MirrorMamba: Towards Scalable and Robust Mirror Detection in Videos
Rui Song, Jiaying Lin, Rynson W. H. Lau
TL;DR
MirrorMamba tackles the challenge of robust mirror detection in videos by integrating static cues (perceived depth) and dynamic cues (correspondence, optical flow) within a unified Mamba-based architecture. It introduces two novel modules: MMCE for multi-direction correspondence extraction and BED for layer-wise boundary enforcement, enabling global reasoning with linear complexity. The method uses a shared VMamba-T backbone to fuse RGB, depth, and flow, and demonstrates state-of-the-art results on video benchmarks VMD-D and MMD and strong performance on the image-based PMD dataset, with ablations confirming the complementary benefits of the cues and modules. The work also shows the framework's scalability and potential for image-based mirror detection by removing dynamic cues.
Abstract
Video mirror detection has received significant research attention, yet existing methods suffer from limited performance and robustness. These approaches often over-rely on single, unreliable dynamic features, and are typically built on CNNs with limited receptive fields or Transformers with quadratic computational complexity. To address these limitations, we propose a new effective and scalable video mirror detection method, called MirrorMamba. Our approach leverages multiple cues to adapt to diverse conditions, incorporating perceived depth, correspondence and optical. We also introduce an innovative Mamba-based Multidirection Correspondence Extractor, which benefits from the global receptive field and linear complexity of the emerging Mamba spatial state model to effectively capture correspondence properties.
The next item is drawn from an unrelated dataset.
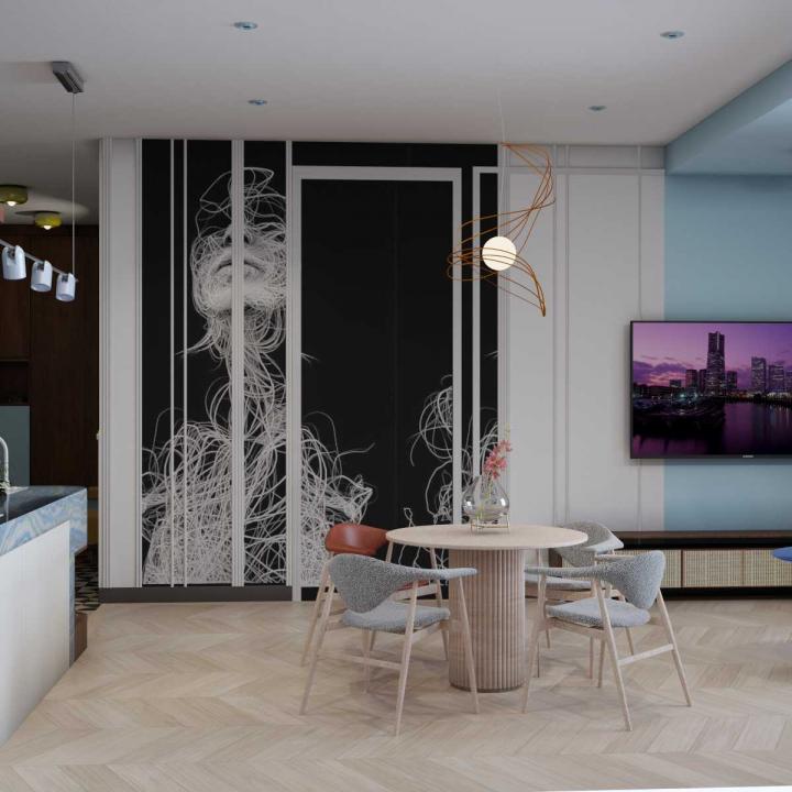 Serce mieszkania to bez wątpienia przestronny salon z otwartą kuchnią. Ta strefa jest świadectwem naszego podejścia do łączenia funkcjonalności z luksusem. Kuchnia, wykonana z eleganckiego forniru i szlachetnego kamienia naturalnego, staje się centralnym punktem spotkań, gdzie gotowanie to czysta przyjemność, a design zachwyca swoją prostotą i wyrafinowaniem.

Additionally, we design a Mamba-based layer-wise boundary enforcement decoder to resolve the unclear boundary caused by the blurred depth map. Notably, this work marks the first successful application of the Mamba-based architecture in the field of mirror detection. Extensive experiments demonstrate that our method outperforms existing state-of-the-art approaches for video mirror detection on the benchmark datasets. Furthermore, on the most challenging and representative image-based mirror detection dataset, our approach achieves state-of-the-art performance, proving its robustness and generalizability.